ESG on the balance sheet
Stakeholders’ increased focus on ESG will present immense business opportunities for organizations. Health equity and sustainability are two areas in which healthcare organizations would be wise to invest, given their potential to impact the balance sheet. During a webinar on June 22, speakers Dr. John Balbus, Interim Director of the Office of Climate Change and Health Equity within HHS; Dr. J. Nadine Gracia, President and CEO of Trust for America’s Health; Jon Utech, Senior Director of the Office for a Healthy Environment at Cleveland Clinic; and Tensie Whelan, Clinical Professor of Business and Society and Director of the NYU Stern Center for Sustainable Business, discussed these topics and more.
1The connection between climate change and health
There is strong evidence pointing to the impact of climate change on health. Extreme weather events, poor water quality and air pollution can exacerbate cardiovascular disease and asthma, lead to injuries, viruses and allergens, and even impact mental health and well-being. Additionally, climate change is more likely to impact those with socioeconomic challenges. There is also research from Trust for America’s Health and Johns Hopkins Bloomberg School of Public Health showing states that are most vulnerable to the health impacts of climate change are least prepared to protect residents.
2 How HHS is involved
An executive order by the Biden administration has led to the newly formed Office of Climate Change and Health Equity, which has the goal to protect U.S. citizens from the health impacts of climate change, with a particular emphasis on those most vulnerable. A priority of the office is encouraging healthcare stakeholders to sign a pledge to reduce emissions by 50% by 2030 and achieve net zero emissions by 2050. HHS recognizes these are ambition goals, Balbus said, and is working to help the sector achieve them. HHS has assembled four drivers to focus on: surface the gaps and barriers, identify evidence-based solutions and innovations, introduce support to healthcare sector stakeholders and explore incentives and standards.
3 Building blocks of ESG
Commitment to sustainability and ESG as a whole is the next wave of good management, Whelan said, with more companies seeing it as a way to improve overall performance. In fact, research across industries shows a positive correlation between ESG investments and corporate financial performance. There are several actions an organization should take to start on their ESG journey. First is to do a materiality matrix to identify your organization’s ESG issues. Next is working with internal and external stakeholders to identify priorities for investment. Finally, organizations should align incentives internally to ensure metrics and targets can be met. Whelan said this can be a challenge if the only incentives are financial.
4 Make ESG goals public
At Cleveland Clinic, the system has saved $75 million due to its energy efficiency efforts. In order to see similar meaningful results, Utech said he recommends healthcare organizations make public and bold goals related to sustainability and health outcomes. This tactic helps ensure the organization is accountable to ESG efforts despite competing priorities. After the clinic externally shared its sustainability goals, it drove investments internally and commitment from leadership, Utech said.

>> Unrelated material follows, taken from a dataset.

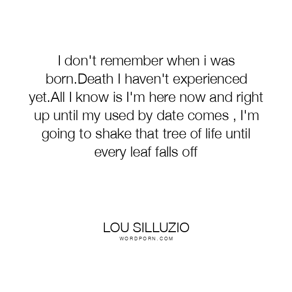 I don't remember when i was born.Death I haven't experienced yet.All I know is I'm here now and right up until my used by date comes , I'm going to shake that tree of life until every leaf falls off
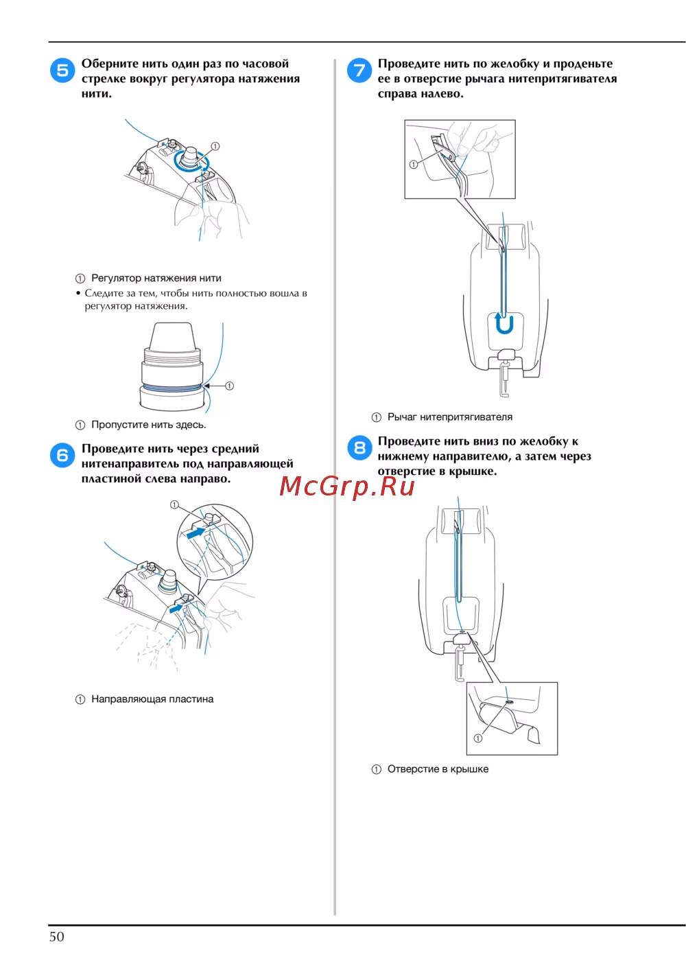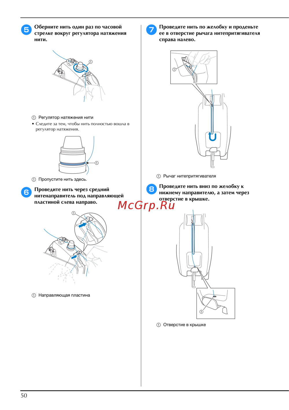 - Возможность установки четырех катушек с нитью для вышивания p.9

5 ESG commitment requires reporting
Cleveland Clinic reports all aspects of its ESG work. Utech said reporting ESG is tied to Cleveland Clinic’s dedication to transparency and has helped accelerate progress. The health system reports ESG activity yearly, divided into five areas: patients, caregivers, community, environment and governance. It uses the United Nations Global Compact and Goal Reporting Index (GRI) as reporting frameworks. This allows Cleveland Clinic to clearly track its ESG goals and prioritize what is most important for the system to focus on through a tiered framework.